Bab doa-doa demotivasi secara kritis mengingatkan kita yang kerap lupa dengan kenikmatan-kenikmatan kecil yang diberikan Tuhan sepanjang hari. Pikiran kita seringkali terlalu jauh ke depan dan berdoa meminta hal-hal besar, kadang tak sadar seperti memberi instruksi pada Tuhan. Namun kita lupa mensyukuri hal kecil, kalau ban motor tidak kempes dalam perjalanan, baterai laptop tidak drop, pasangan kita sedang manis, adalah juga sebuah anugerah (hal 60).

Dan sebagaimana judulnya, buku ini juga berisikan kalimat-kalimat demotivasi yang mengundang senyum geli.

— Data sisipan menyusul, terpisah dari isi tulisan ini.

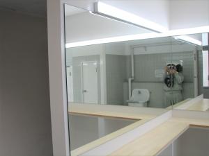 パウダールームの改修工事で、棚を製作しカウンターの取付後に、塗装工事と鏡の取付を行いました。いよいよ大詰めです。完成を目指し修了式前日まで頑張ります。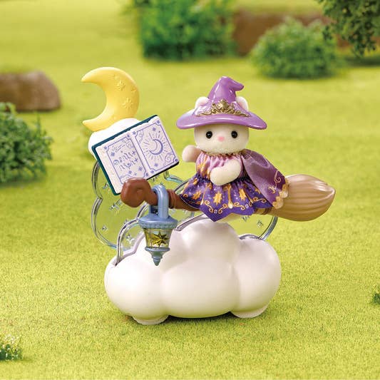 Epoch adds a sweet little witch to their "Sylvanian Families Little Tales Collection" lineup! This set features the Silk Cat Baby dressed in an outfit with a star motif, soaring through the night sky on a broomstick. The broomstick moves up and down on its special base, making it look like the Silk Cat Baby is flying above the clouds! Order yours today!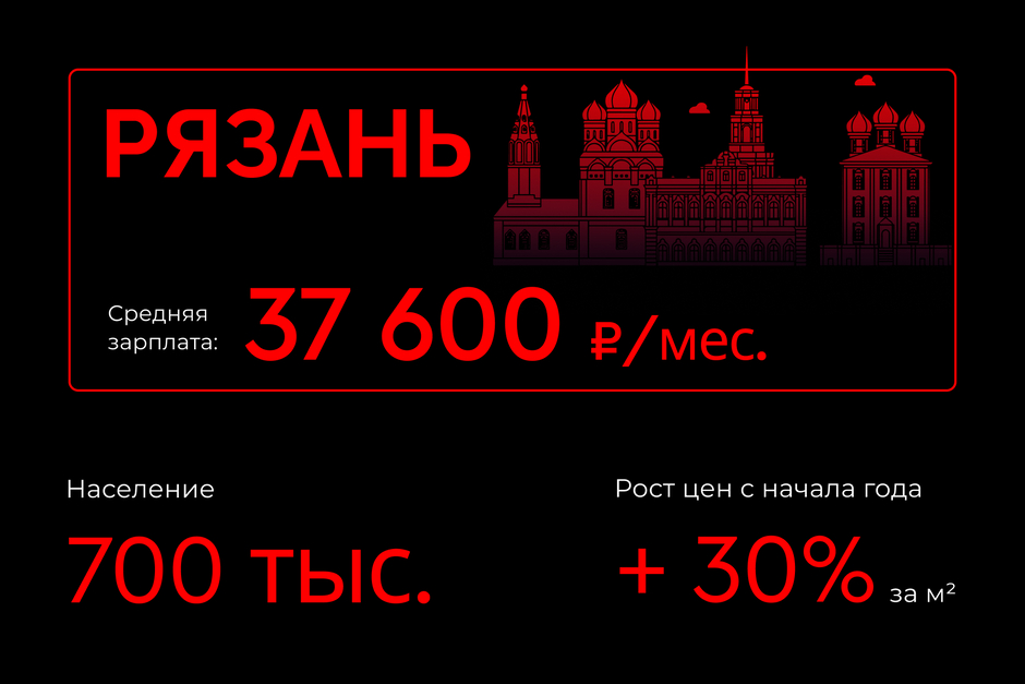 Согласно данным по количеству запросов в Wordstat квартиры бизнес-класса пользуются наименьшим спросом среди остальных классов жилья. Кроме того, по информации ЕРЗ (Единого ресурса застройщиков), Рязань занимает первое место в рейтинге по динамике цен за 1 кв. м в новостройках. С начала текущего года средняя цена за 1 кв. м выросла здесь на 30%.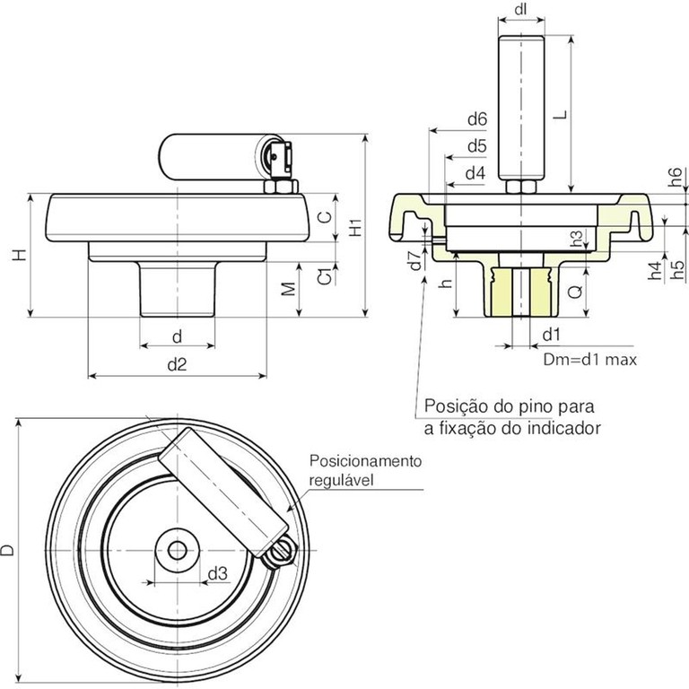 | Código | art. | D | H | H1 | d | d2 | M | C | C1 | d3 | d4 | d5 | d6 | d7 | h | h3 | h4 | h5 | h6 | dl | L | Dm | d1 | Q | Peso (g) |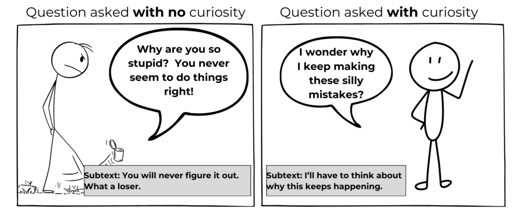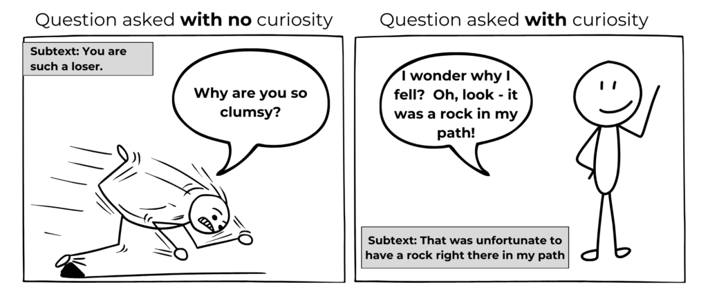 - Notice the questions you are asking throughout your day. Consider whether you are asking questions because you are truly curious or if you are asking questions to condemn, judge or make a point.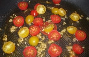 - Fügen Sie die Hälften der Kirschtomaten hinzu. Gleichzeitig kochen Spaghetti.
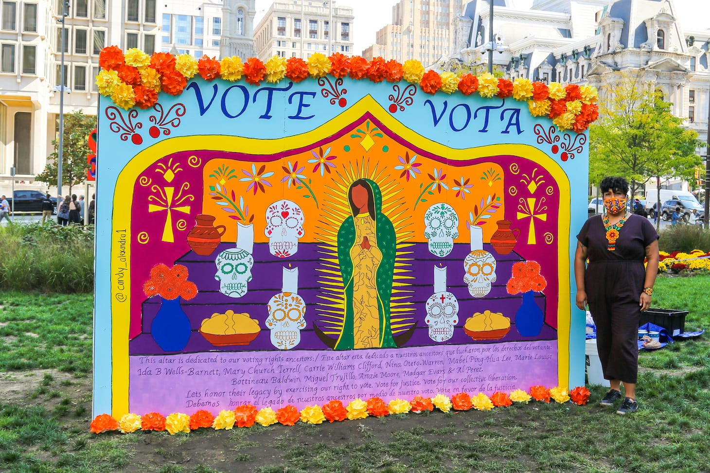 To the Polls 2020 features murals by six Philadelphia-based artists, including a jubilant altar to “our voting rights ancestors.”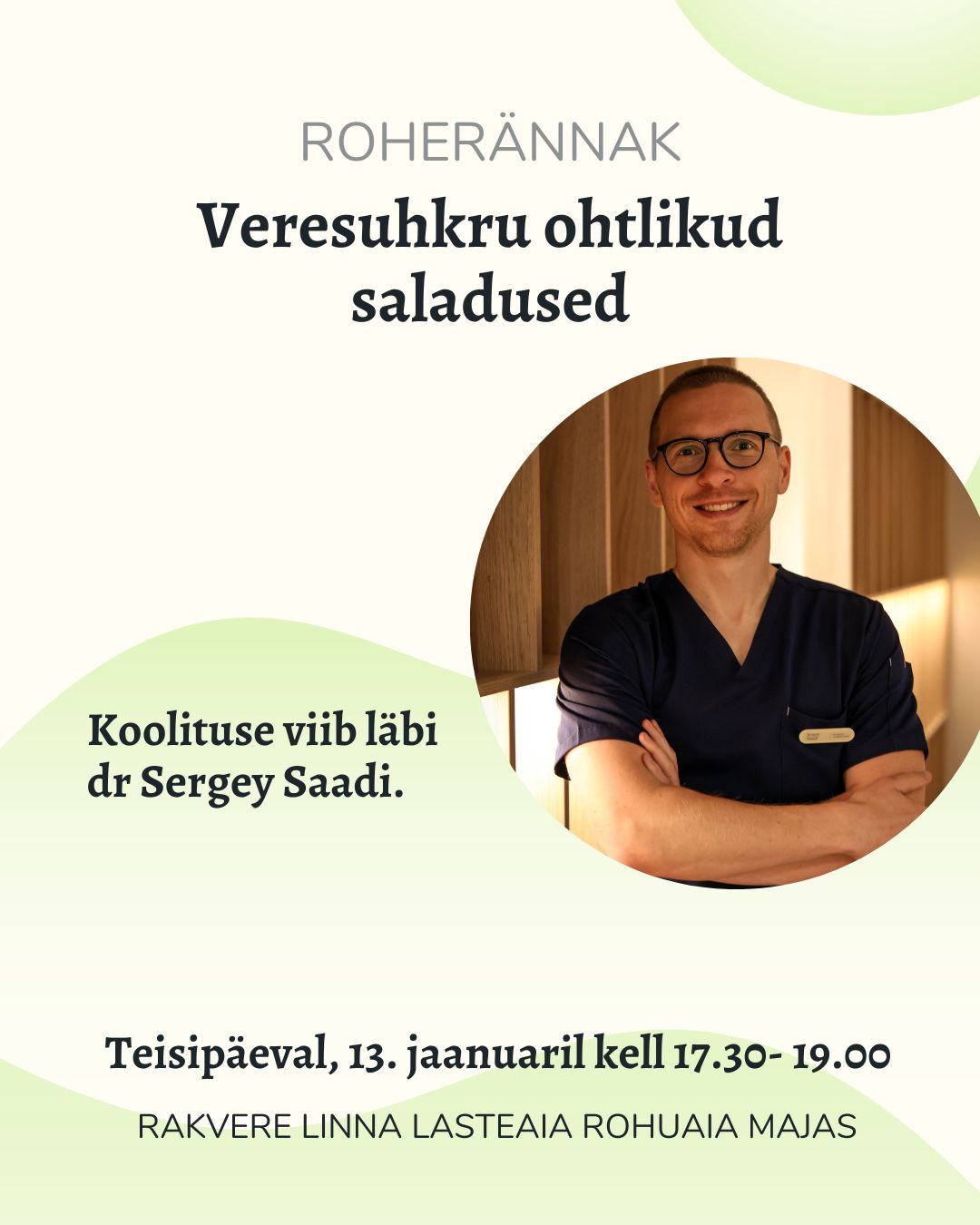13. jaanuaril kell 17.30- 19.00 toimub Rakvere Linna Lasteaia Rohuaia maja saalis tervise teemaline roherännak “Veresuhkru ohtlikud saladused”. Koolituse viib läbi dr Sergey Saadi.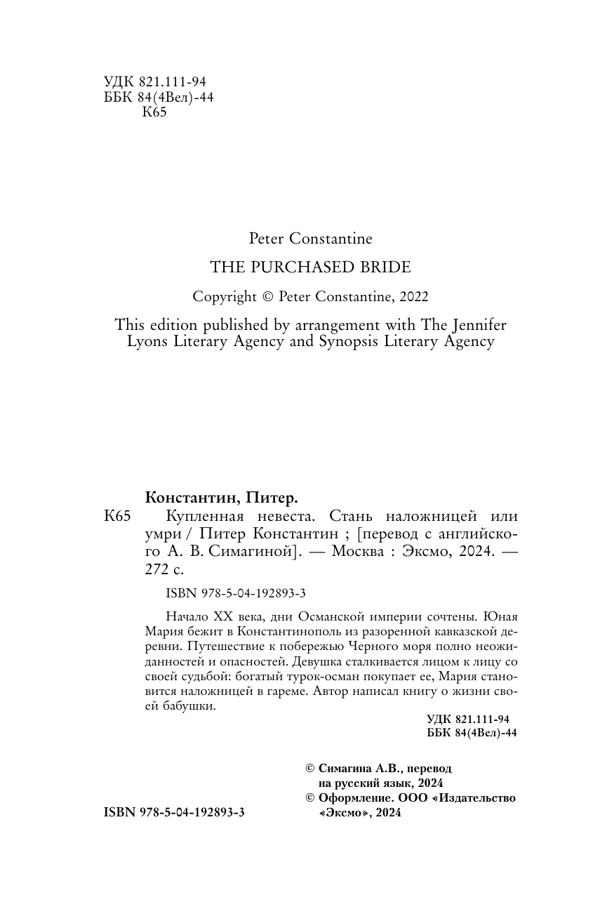 Купленная невеста. Стань наложницей или умри (Константин Питер); ООО "Издательство "Эксмо", 2024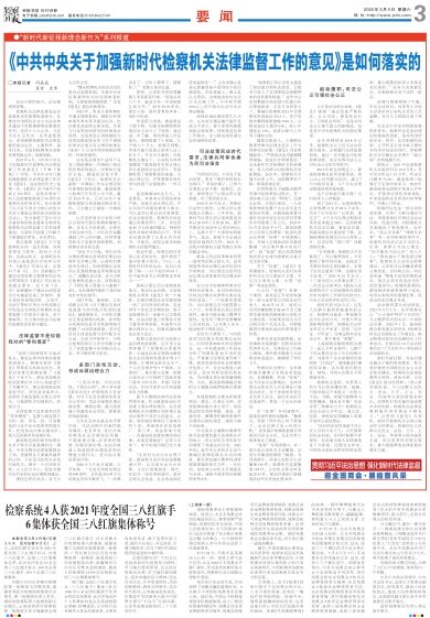 2021年6月,《中共中央关于加强新时代检察机关法律监督工作的意见》(下称《意见》)印发。中共中央专门就加强检察机关法律监督工作印发《意见》,这在党的历史上是第一次。《意见》在中国共产党成立100周年、党绝对领导下的人民检察制度创立90周年的重要历史时刻发布,充分体现了以习近平同志为核心的党中央深入推进全面依法治国的坚定决心,充分体现了党中央对完善党和国家监督体系特别是检察机关法律监督工作的高度重视,为新时代检察工作赋予了更重政治责任、历史责任。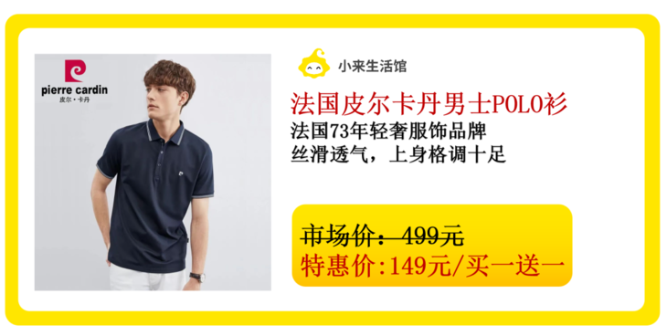 超级大捡漏!法国73年国民大牌,皮尔卡丹专柜Polo衫,149元限量买一送一!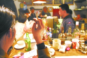 記者來到回龍觀一家名為久千人東北菜的飯店,一進(jìn)門就發(fā)現(xiàn)了全店唯一一張“冒煙兒”的桌子!芭錾侠蠠熋,我們也沒轍!憋埖旯芾碚弑硎咀屛鼰熣咂魺燁^很為難,“我們本來定位為無煙餐廳,可老煙民永遠(yuǎn)說‘就抽一根’,況且其他客人都沒說什么,我們更不好說了!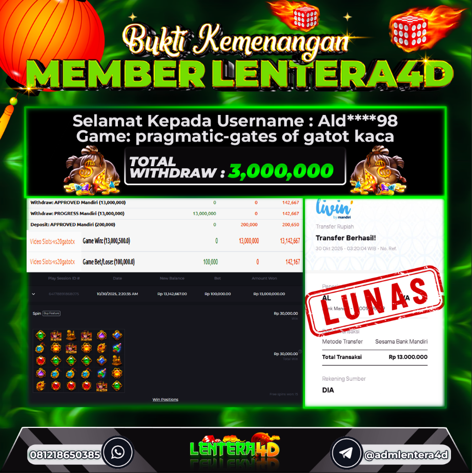 Setiap hari, member Lentera4D berhasil meraih jackpot besar dari berbagai provider slot ternama yang kami sediakan, seperti Pragmatic Play, Habanero, PG Soft, dan masih banyak lagi. Kami secara rutin menampilkan bukti screenshot atau rekapan kemenangan yang berhasil diraih, mulai dari kemenangan ratusan ribu hingga puluhan juta rupiah. Semua slip kemenangan ini kami hadirkan untuk membuktikan bahwa di Lentera4D, peluang menang itu nyata.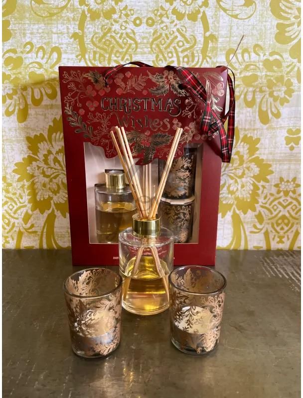 Wspaniały zestaw upominkowy składający się z 2 szklanych podgrzewaczy i dyfuzora o uroczym, świątecznym zapachu goździków i imbiru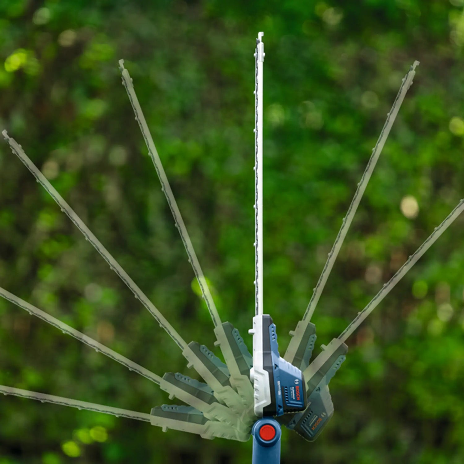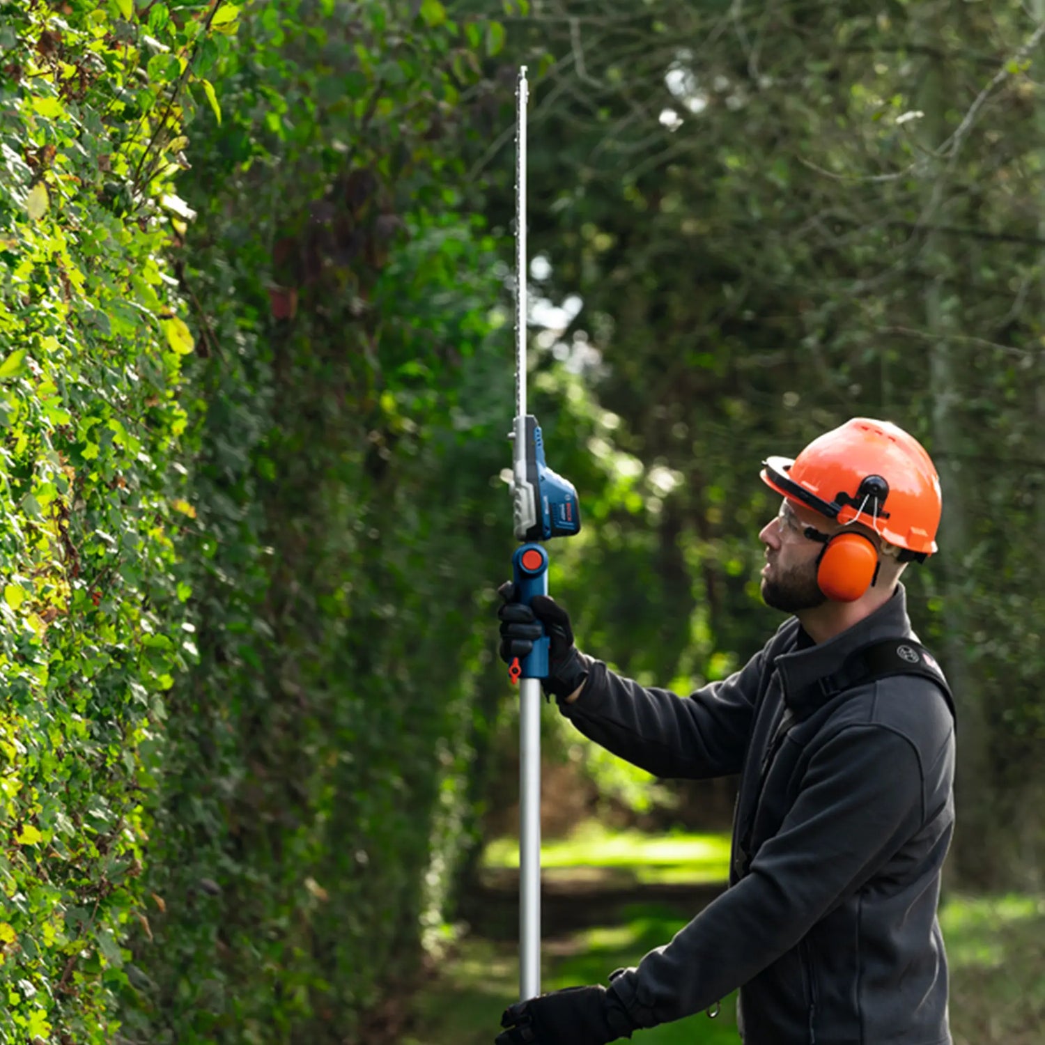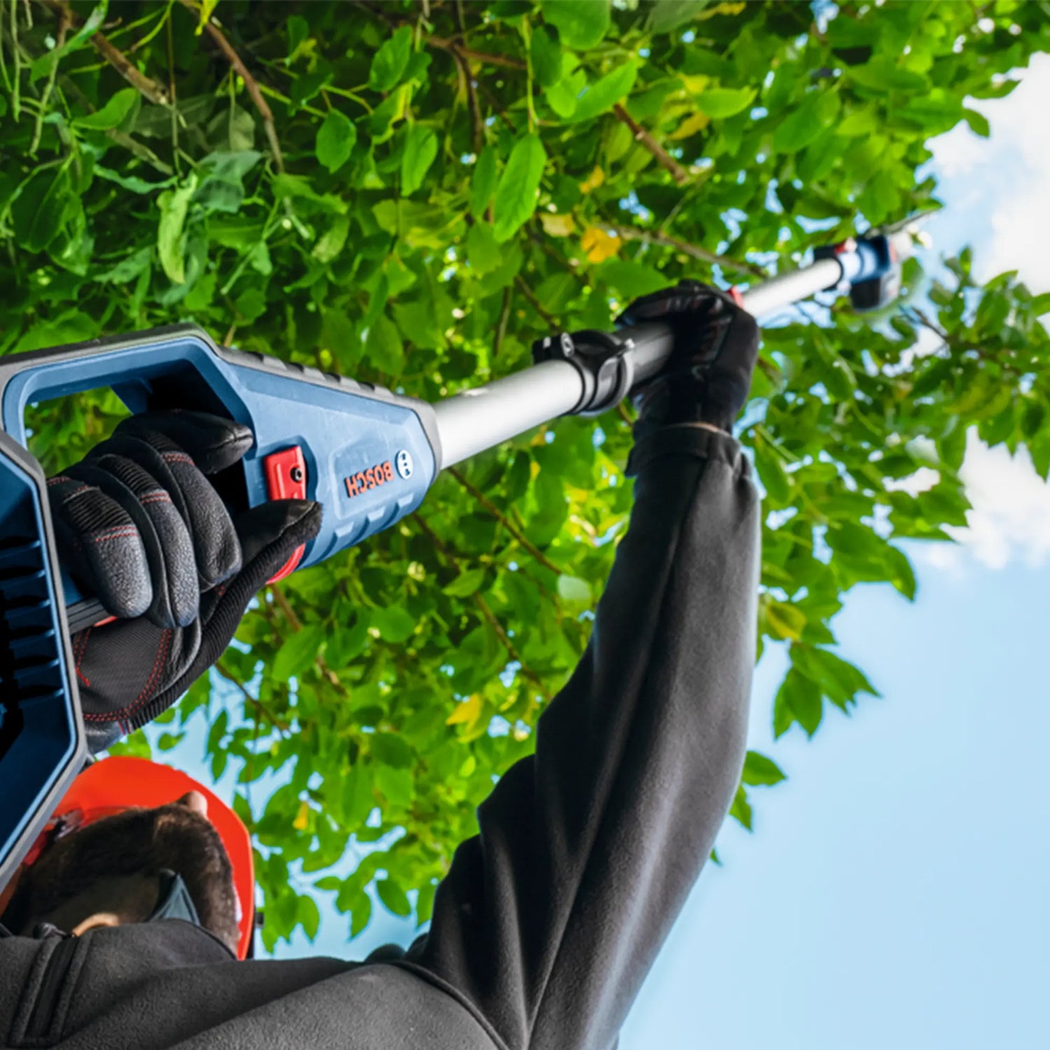 Ten Bosch GHE 18V-50 TP Bezprzewodowy teleskopowy trymer do żywopłotu To idealne rozwiązanie dla tych, którzy chcą łatwe przycinanie wyższych żywopłotów bez wysiłku i bez użycia schodów. Dzięki temu uchwyt teleskopowy do 2,5 metra i do kątowa głowa, umożliwia precyzyjne przycinanie nawet najtrudniej dostępnych końcówek. Wyposażony w silnik bezszczotkowy I elektroniczna regulacja prędkości, zapewnia mocne i gładkie cięcie nawet przy grubszych gałęziach.

Namun kalau dipikirkan secara mendalam, kita akan berkata, “bener juga ya!”.

Misalnya: “ Di balik setiap kesulitan, boleh jadi tersimpan kesulitan lain yang lebih besar”, atau “Sukses bukan soal bakat, kerja keras, ataupun kemauan untuk belajar. Sukses sering kali bermula dari keadaan keluarga yang memang sudah sukses” (hal 54).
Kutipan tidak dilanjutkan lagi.